Diplomatic relations between Benin and Niger appear to be entering a thawing phase. The arrival of an official Nigerien delegation, led by the Prime Minister, at the inauguration ceremony of Benin’s new president in Cotonou signals a clear intent to move past a year-long diplomatic freeze triggered by the July 2023 coup in Niamey. This visit follows months of border closures, escalating rhetoric, and a paralyzing oil dispute that has weighed heavily on the economies of both Sahelian nations.

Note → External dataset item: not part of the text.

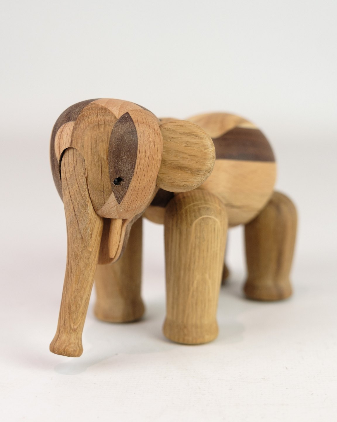 Kay Bojesen Reworked Mini elefant jubilæums model fra 2023 som fejring af 70-års jubilæum. Elefanten er en særudgave som er en del af reworked familien. Elefanten er udført i flere forskellige træsorter heriblandt teak, valnød, eg, ask & ahorn. Reworked udgaven er en del af Kay Bojesens svar på upcycling og genbruge det som ikke ville blive brugt, for også at minimere ressourcespild.

Diplomatic détente unfolds in Cotonou
The decision by Nigerien authorities to dispatch its Prime Minister—and not just a lower-ranking envoy—underscores the significance placed on this political transition in Benin. Since the military takeover that brought General Abdourahamane Tiani to power, Niamey had repeatedly accused Cotonou of hosting French military installations meant to undermine the transition government. Despite mediation efforts by outgoing President Patrice Talon, no meaningful dialogue had been restored. The change at the helm of Benin’s presidency now offers a fresh opening that Niamey seems eager to exploit without delay.
Regional observers interpret this move as part of a broader strategic repositioning by Niger. With Niamey’s recent withdrawal from the Economic Community of West African States (ECOWAS) alongside Mali and Burkina Faso—and the formation of the Alliance of Sahel States (ASS)—the country is actively seeking to strengthen ties along Africa’s Atlantic coast. This outreach to Benin may reflect a pragmatic adjustment in its foreign policy priorities.
The oil pipeline dispute: the crisis behind the crisis
Beneath the diplomatic symbolism lies a critical economic challenge. The 2,000-kilometer pipeline connecting Niger’s Agadem oil fields—operated by the China National Petroleum Corporation (CNPC)—to the Sèmè-Kpodji terminal in Benin is the country’s only export route for crude oil. The pipeline was designed to transport up to 90,000 barrels per day, significantly boosting Niger’s national revenue. However, Benin’s decision to close the border in response to ECOWAS sanctions, followed by disputes over loading permits, has severely disrupted oil flows. Tensions peaked earlier this year with the detention of Nigerien nationals accused of trespassing on the terminal, further straining relations. For Niamey, where oil revenues now underpin much of the national budget, restoring stable ties with Benin is no longer just diplomatic—it’s a fiscal imperative.
A shifting regional landscape
This tentative rapprochement extends beyond the bilateral sphere. It reflects a wider recalibration of West African geopolitics, where coastal nations must balance loyalty to ECOWAS with the practical need to maintain economic ties with Sahelian regimes. Togo has already adopted this pragmatic middle path, and Benin—under new leadership—appears poised to follow suit. The challenge will be separating political disagreements from operational cooperation, particularly in areas like security and trade.
The shared border region remains a flashpoint, plagued by the presence of armed groups linked to the Islamic State in the Greater Sahara and the Group for Support of Islam and Muslims. Without coordinated intelligence sharing, protected areas like the W and Pendjari National Parks continue to serve as safe havens for militants. Whether Benin’s new government will revive long-dormant military dialogue remains an open question. What is certain is that both sides face pressure to translate this symbolic gesture into concrete action: reopening the border fully, resuming oil shipments, and reinstating full diplomatic representation. After two years of uncertainty, economic actors on both sides are demanding clear signals to restore stability and confidence.